◆ ENTRIES SUPPLIED ◆
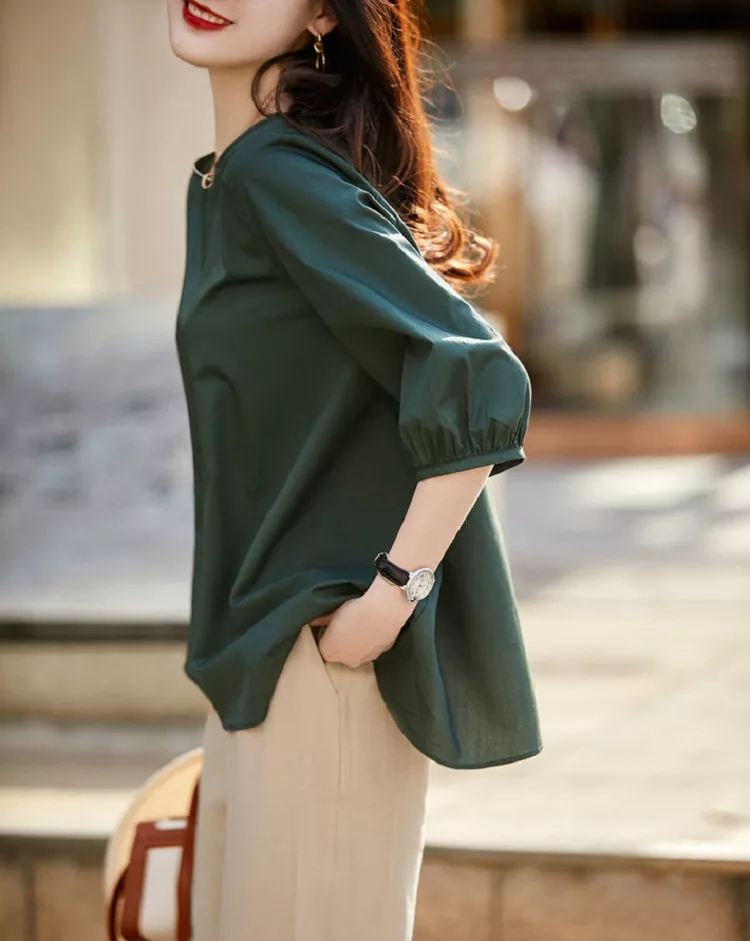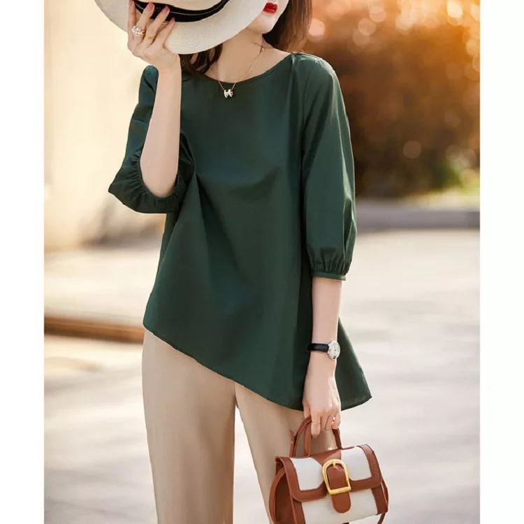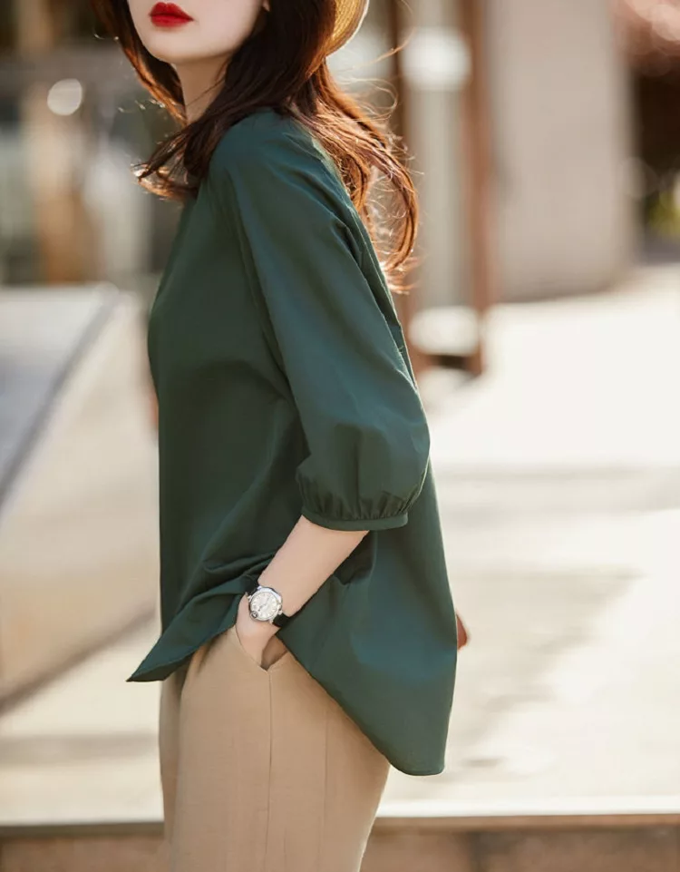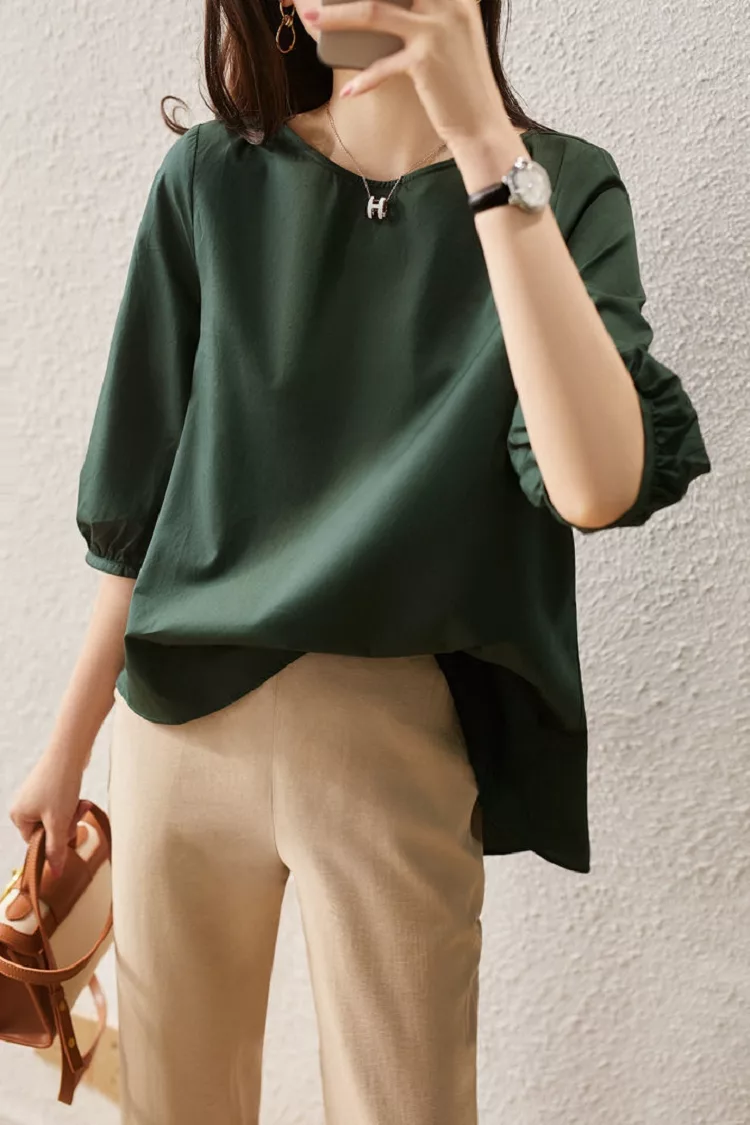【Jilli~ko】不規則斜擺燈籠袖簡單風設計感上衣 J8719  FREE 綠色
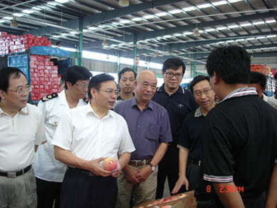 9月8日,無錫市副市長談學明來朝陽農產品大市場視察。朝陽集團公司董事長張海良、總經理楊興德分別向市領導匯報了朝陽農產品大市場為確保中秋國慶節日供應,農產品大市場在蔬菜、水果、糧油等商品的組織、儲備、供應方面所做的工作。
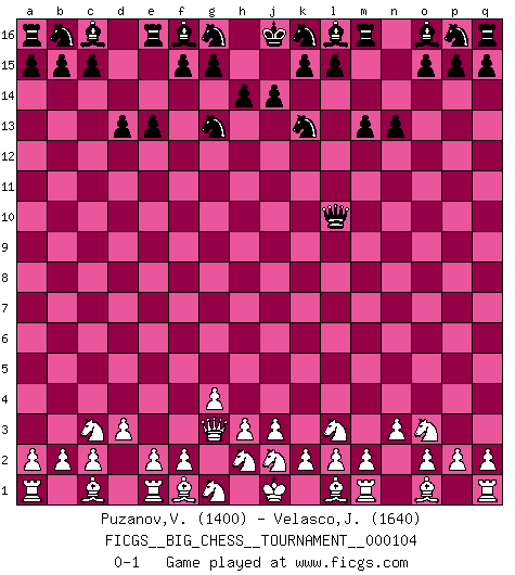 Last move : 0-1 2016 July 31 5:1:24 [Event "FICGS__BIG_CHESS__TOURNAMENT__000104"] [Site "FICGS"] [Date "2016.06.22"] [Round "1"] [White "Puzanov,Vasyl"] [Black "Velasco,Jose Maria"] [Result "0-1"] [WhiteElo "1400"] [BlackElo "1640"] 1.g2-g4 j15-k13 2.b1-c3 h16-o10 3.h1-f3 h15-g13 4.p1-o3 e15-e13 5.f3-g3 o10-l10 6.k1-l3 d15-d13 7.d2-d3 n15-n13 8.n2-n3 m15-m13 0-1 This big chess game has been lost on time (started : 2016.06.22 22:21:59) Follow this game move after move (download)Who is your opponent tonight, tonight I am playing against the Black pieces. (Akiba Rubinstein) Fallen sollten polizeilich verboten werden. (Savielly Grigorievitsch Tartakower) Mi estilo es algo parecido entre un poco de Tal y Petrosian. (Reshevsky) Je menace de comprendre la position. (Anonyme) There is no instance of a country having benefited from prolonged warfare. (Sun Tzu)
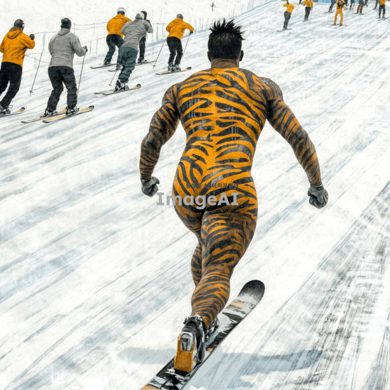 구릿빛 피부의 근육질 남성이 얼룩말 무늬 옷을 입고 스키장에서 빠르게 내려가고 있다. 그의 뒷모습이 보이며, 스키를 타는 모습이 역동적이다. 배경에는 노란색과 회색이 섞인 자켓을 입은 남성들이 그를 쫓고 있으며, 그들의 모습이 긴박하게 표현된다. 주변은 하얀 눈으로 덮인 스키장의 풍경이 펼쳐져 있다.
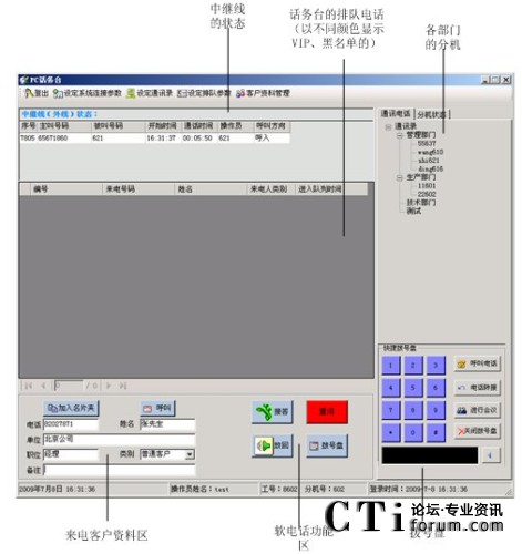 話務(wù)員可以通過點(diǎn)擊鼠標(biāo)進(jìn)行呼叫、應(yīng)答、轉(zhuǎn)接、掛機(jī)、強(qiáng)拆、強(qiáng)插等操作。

◆ TASK TO CARRY OUT ◆
Output the data above exactly; pictures do not belong in the copy.

◆ ANSWER BOX ◆
【Jilli~ko】不規則斜擺燈籠袖簡單風設計感上衣 J8719  FREE 綠色
 9月8日,無錫市副市長談學明來朝陽農產品大市場視察。朝陽集團公司董事長張海良、總經理楊興德分別向市領導匯報了朝陽農產品大市場為確保中秋國慶節日供應,農產品大市場在蔬菜、水果、糧油等商品的組織、儲備、供應方面所做的工作。
 Last move : 0-1 2016 July 31 5:1:24 [Event "FICGS__BIG_CHESS__TOURNAMENT__000104"] [Site "FICGS"] [Date "2016.06.22"] [Round "1"] [White "Puzanov,Vasyl"] [Black "Velasco,Jose Maria"] [Result "0-1"] [WhiteElo "1400"] [BlackElo "1640"] 1.g2-g4 j15-k13 2.b1-c3 h16-o10 3.h1-f3 h15-g13 4.p1-o3 e15-e13 5.f3-g3 o10-l10 6.k1-l3 d15-d13 7.d2-d3 n15-n13 8.n2-n3 m15-m13 0-1 This big chess game has been lost on time (started : 2016.06.22 22:21:59) Follow this game move after move (download)Who is your opponent tonight, tonight I am playing against the Black pieces. (Akiba Rubinstein) Fallen sollten polizeilich verboten werden. (Savielly Grigorievitsch Tartakower) Mi estilo es algo parecido entre un poco de Tal y Petrosian. (Reshevsky) Je menace de comprendre la position. (Anonyme) There is no instance of a country having benefited from prolonged warfare. (Sun Tzu)
 구릿빛 피부의 근육질 남성이 얼룩말 무늬 옷을 입고 스키장에서 빠르게 내려가고 있다. 그의 뒷모습이 보이며, 스키를 타는 모습이 역동적이다. 배경에는 노란색과 회색이 섞인 자켓을 입은 남성들이 그를 쫓고 있으며, 그들의 모습이 긴박하게 표현된다. 주변은 하얀 눈으로 덮인 스키장의 풍경이 펼쳐져 있다.
 話務(wù)員可以通過點(diǎn)擊鼠標(biāo)進(jìn)行呼叫、應(yīng)答、轉(zhuǎn)接、掛機(jī)、強(qiáng)拆、強(qiáng)插等操作。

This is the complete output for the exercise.